How could Arlette reveal to her, in a way without wounding, that the sun she recalls would no longer welcome her? That she will never that warmth again?
The mosaïque demands that Arlette cut such an abomination down where it stands. Those that pervert life itself should be returned to their grave. But before her, Arlette sees a person and a demon, and she cannot slay one without the other falling as well...
The woman stays in place, not daring to move unbidden. But with dried tears staining her cheeks, she utters in a voice as piteous as a mewl.

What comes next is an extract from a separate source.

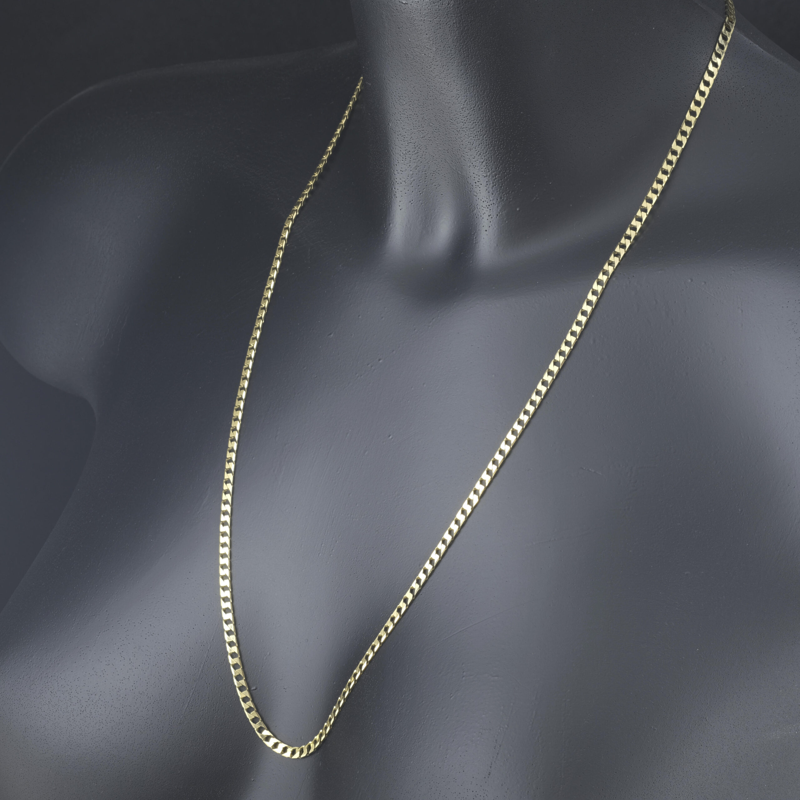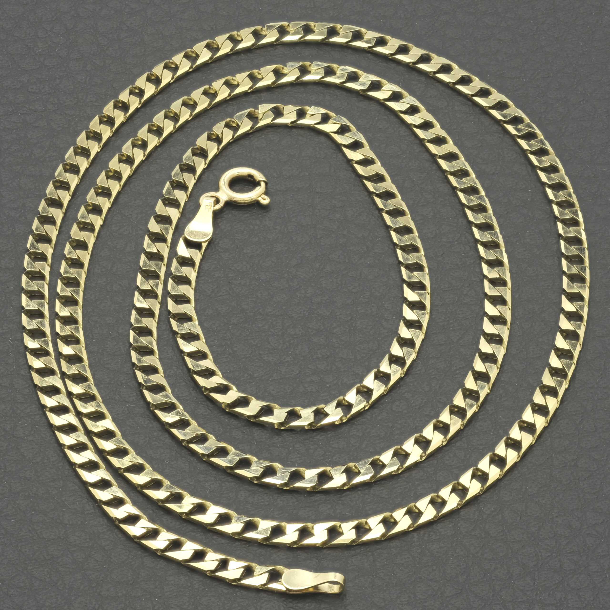 This pre-owned solid gold curb chain is a timeless and versatile piece of jewellery, characterised by its interlocking, uniform links that lie flat against the skin. Known for its durability and sleek design, this curb chain is crafted from 9ct yellow gold, offering a luxurious and polished finish. This curb has a length of 24 inches and a width of 3mm. Its classic style makes it a popular choice for both men and women, whether worn as a standalone statement piece or paired with a pendant. This gold curb chain seamlessly blends elegance with everyday wearability, making it a staple accessory for any jewellery collection. This chain fastens with a bolt ring clasp for comfort and security.

"Are you going to help me?"
Arlette cannot admit that she asked this question to herself, before it was voiced. Is she? Can she? Is help possible for a being so accursed?
Perhaps it is. Arlette knows no such salvation; but, if she can deliver this woman to a church of Lunala, perhaps their magic could avail her. But it is a risk, and a grave one...
...
Arlette draws a deep breath. The air is fetid; but, even here, the faintest scent of a breeze can be detected.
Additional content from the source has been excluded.